The DIFC said in a statement that chairman Ian Hay Davison would be replaced by Habib al-Mulla, a Dubai Financial Services Authority board member. It said chief executive Phillip Thorpe is being replaced by David King, the DFSA’s managing director of supervision.

The statement didn’t explain the changes.

But Davison says the dismissals follow the DFSA board’s raising of concerns about the quality of corporate governance at the centre.

“I’m extremely disappointed that the efforts of my colleagues and myself to establish standards of corporate behaviour in the DIFC have not been dealt with by (DIFC chairman Anis) al-Jallaf,” Davison has declared. “He’s dismissed my CEO and me rather than dealing with conflicts of interest at the DIFC.”

Bankers say the dismissals could add to the questions about the independence of the DFSA, a body set up to regulate financial firms working in the DIFC, a financial centre and international exchange expected to open for business later this year, after final laws are passed.

One of those laws is expected to give the DFSA full independence and a reporting line to Crown Prince Sheikh Mohammed bin Rashid Al Maktoum, the de facto ruler of Dubai. In the meantime, however, it reported to the DIFC.

The DIFC’s move comes after its chairman, al-Jallaf, and another board member, Majid Radpay, drew attention from inside and outside the DIFC for insider deals that critics said raised questions about business ethics behind the organisation, a multi-billion-dollar project aimed at further diversifying the emirate’s economy.

Al-Jallaf has acknowledged in a DIFC statement that an independent regulator would be crucial to the centre. “The DIFC concept is entirely dependent on the establishment of an independent regulatory body worthy of the world’s respect and trust,” he said.

But bankers said they were worried the sackings would have the opposite effect, undermining the DIFC’s claims about commitment to integrity and transparency.

Potential investors will ask why two respected regulators were dismissed and could draw unfavourable conclusions about DIFC’s commitment to setting up a level playing field for foreign companies.

Without clear evidence that vested interests won’t be able to influence the regulatory authority, foreign financial institutions could be reluctant to move in to the centre.

The two regulators are the highest profile dismissals by DIFC management, although several other employees who pushed for more open disclosure of contracts and land deals resigned or were pushed out of the centre, according to people close to the situation.
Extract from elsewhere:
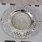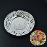 Decorative Designer Festival Ethnic Design Silver color Pooja Thali (8-inch/ Plastic)
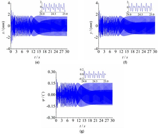 Multifrequency control synchronization on fixed speed ratio parameter , where . (a) Speed; (b) load torque; (c) speed ratio between motors 1 and 2; (d) phase differences between motor 1 and 2; (e) response in the x direction; (f) response in the y direction; (g) response in the ψ direction.

DIFC and government officials say al-Jallaf and DIFC chief executive Naser Nabulsi told a board member and other officials in the past month that they planned to dismiss Thorpe for allegedly leaking sensitive information.

Questions about ethics arose when the al-Jallaf-led DIFC chose Union Properties, another company chaired by al-Jallaf, to develop two of its properties. In another instance, DIFC board member Radpay negotiated a US$260mn development deal with Nexus Capital, a Swiss-based firm in which Radpay is a shareholder, according to a Nexus executive.

Two more companies linked to al-Jallaf received contracts to provide glass for the new buildings and to insure the centre’s headquarters.

In interviews over the past three months, Nabulsi acknowledged the transactions, but said the DIFC board and the government were aware of them and denied any wrongdoing.

Al-Jallaf has declined to comment. But in a press statement several weeks ago, al-Jallaf said the government had approved the land deals.

DIFC officials say such deals are common in a small, closely-knit business community, and that they don’t violate local laws.

Around 44 international firms, including Deutsche Bank, Julius Baer, Credit Suisse Group and Standard Chartered, have signed letters of intent to operate at the centre.